There's been a very clever e-card floating around the internet lately that states, "'I want to see Magic Mike for the compelling storyline,' said no woman, ever." Still, the hordes of women who have already finished the Fifty Shades of Grey books and are now looking for their next thrill will be pleased to know that aside from the copious amounts of eye candy, there is also a halfway decent plot and some solid dialogue thrown in the mix. That's nice because it makes it feel less like soft-core porn that way. Not a pizza delivery man in sight.
Channing Tatum plays the titular Magic Mike, and he's a stripper with a heart of gold. Well, he's a charismatic young man who works four jobs in order to become more than just a man who takes his clothes off for a living. During one of his day jobs in constructions, he meets "The Kid" (Alex Pettyfer) and since The Kid sucks at roofing, he helps him schmooze some sorority girls and gets him a job at Xquisite taking off his clothes for cash. And when Mike meets The Kid's sister Brooke (Cody Horn), he's enchanted by the fact that while she may be intrigued by his charms, she doesn't fall all over him like the women at the club do. It's not the most original story in the world, but it is tinged with a sadness about the dead-end nature of his job. Even the always energetic Dallas (Matthew McConaughey) realizes that the longevity of this career isn't endless as he seeks to open up a bigger shop in Miami. And Mike has dreams of making custom furniture, but the economic realities get him down -- that and the fact that he's alone with no real relationship to rely on, just the occasional flings with the exceptionally sexually adventurous Joanna (Olivia Munn). And there's a potentially dangerous foray into the drug world. It almost gets depressing, but then there's more stripping to keep this film the light summer romp that it should be, instead of, say, Shame.
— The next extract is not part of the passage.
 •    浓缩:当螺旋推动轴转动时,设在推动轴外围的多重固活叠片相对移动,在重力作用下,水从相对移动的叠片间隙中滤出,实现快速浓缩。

Aside from the obvious appeal, here are the most magical things about this movie:
Matthew McConaughey Is Perfect in This Role
He's living it up, playing the bongos, walking around in the craziest outfits you can think of, trying to breathe fire and doing a really raunchy dance with Pettyfer. He's bizarre and charming, lands most of the comical lines of the movie and behaves much like how you'd want the owner/host of an all-male revue to be. We'd pay more cash to see the outtakes with him.
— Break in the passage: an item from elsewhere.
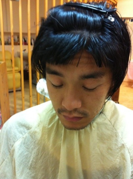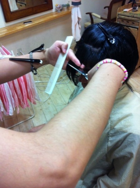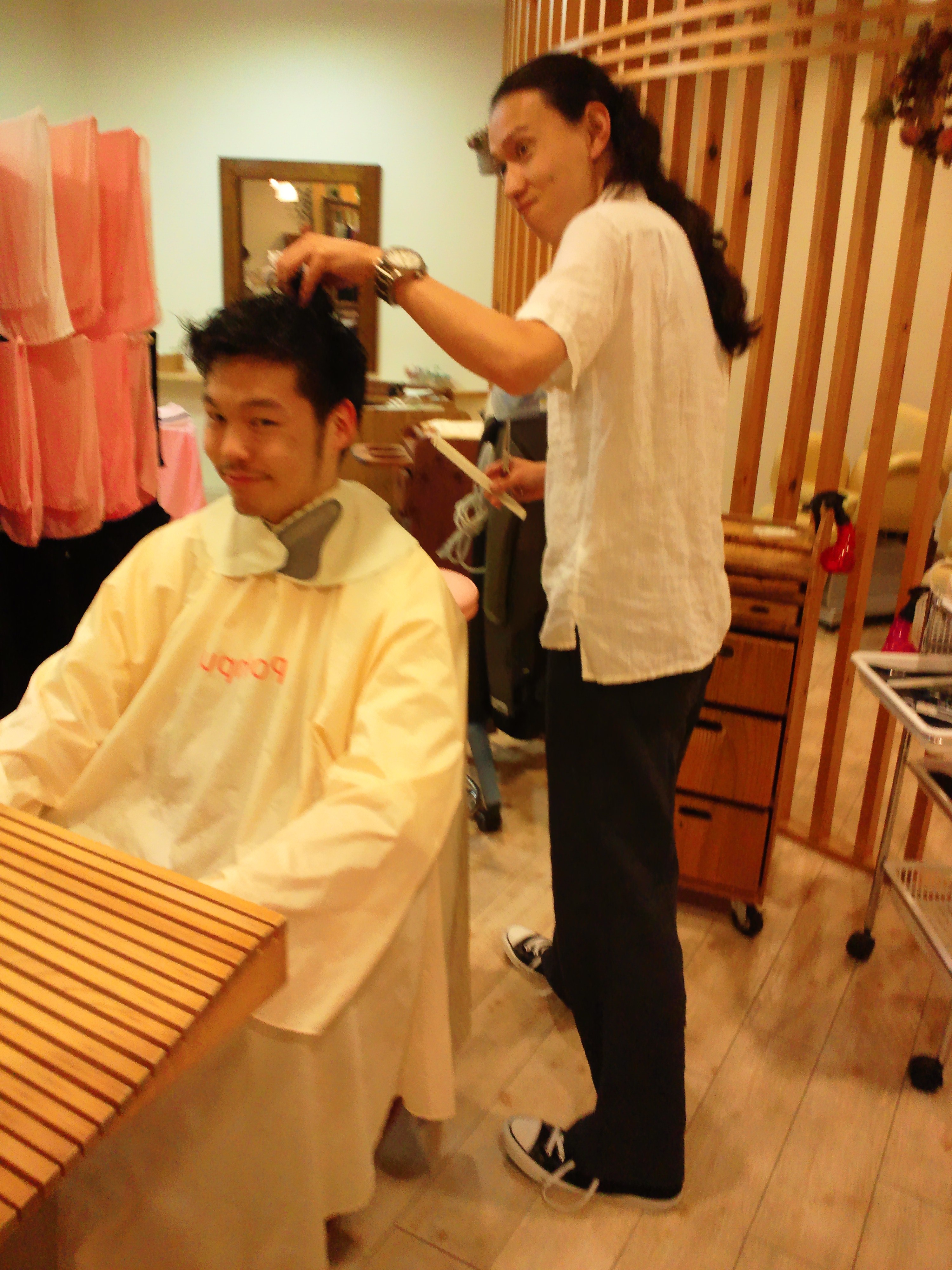 先日の出張カットに、スタッフの谷君と久保君をつれていきました。

It's All the Fun of a Male Strip Club, But Far More Attractive
While there are certainly a plethora of Chippendale-esque establishments around, the ones we've been to have never had men that look like Joe Manganiello or Matthew Bomer, and we're pretty sure that the few attractive men we've seen covered in sticky oil weren't actually straight. Here, these men are pure fantasy come to life, and they can all really dance.
Channing Tatum Steps Up
His dance numbers are really wonderful, as you'd expect from the star of the original Step Up, but he also does his darndest to carry the acting weight of this movie and he's mostly successful. He's far more appealing here than he was in The Vow, as this character seems a little more multi-dimensional than some of the previous attractive blocks of wood he's portrayed (it doesn't hurt that he's a former stripper in real life). He's getting a better sense of when to pour on the charm and when to hold back, and while his crying could still use some work, there's a noticeable improvement.
It's Not Showgirls
While there is something to be said for the campy and (at the time) edgy Showgirls, it really is just a funny cult film now, what with all of Nomi's sparkling dialogue and ridiculous eating habits. Here, there's no forced rivalries or stilted exchanges -- it genuinely just feels like a bunch of guys hanging out talking about how best to woo women and get a lot of cash.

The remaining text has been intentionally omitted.